Data to examine START
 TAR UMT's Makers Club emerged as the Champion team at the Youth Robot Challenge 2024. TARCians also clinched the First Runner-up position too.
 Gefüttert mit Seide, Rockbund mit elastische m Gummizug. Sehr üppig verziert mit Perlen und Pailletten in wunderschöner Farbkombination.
Data to examine END
Data to examine START
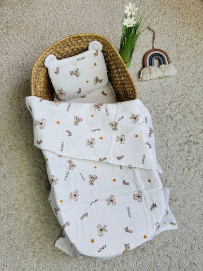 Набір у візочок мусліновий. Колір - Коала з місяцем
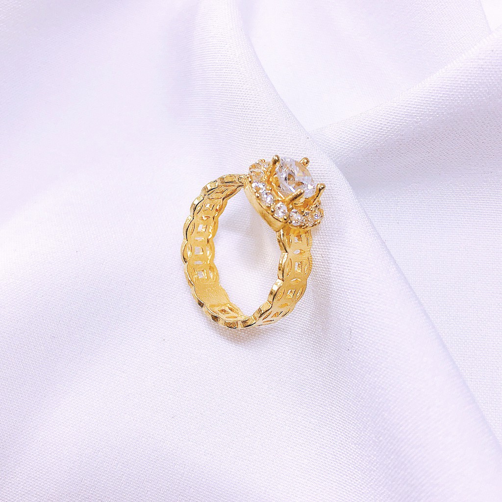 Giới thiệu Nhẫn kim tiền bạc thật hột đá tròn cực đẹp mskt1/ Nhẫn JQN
Data to examine END
Data to examine START
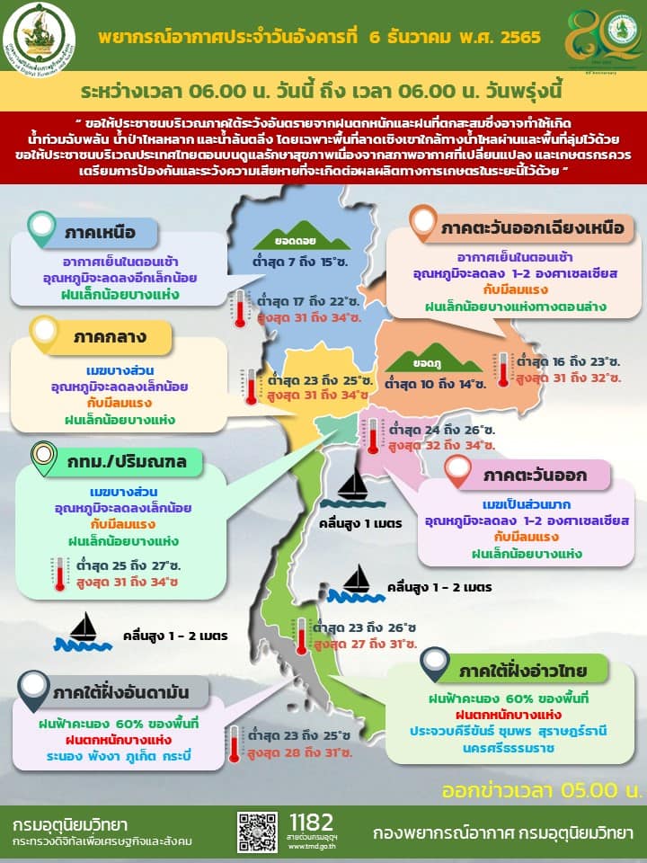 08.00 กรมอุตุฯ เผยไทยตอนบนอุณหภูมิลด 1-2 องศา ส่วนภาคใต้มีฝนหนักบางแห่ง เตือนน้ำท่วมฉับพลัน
Data to examine END
*What this task involves*: Please copy out from the data above, without any picture, exactly the lines running from the one that holds "Набір у візочок" through the one that holds "Giới thiệu Nhẫn", and nothing beyond them.

*Solution below*:
 Набір у візочок мусліновий. Колір - Коала з місяцем
 Giới thiệu Nhẫn kim tiền bạc thật hột đá tròn cực đẹp mskt1/ Nhẫn JQN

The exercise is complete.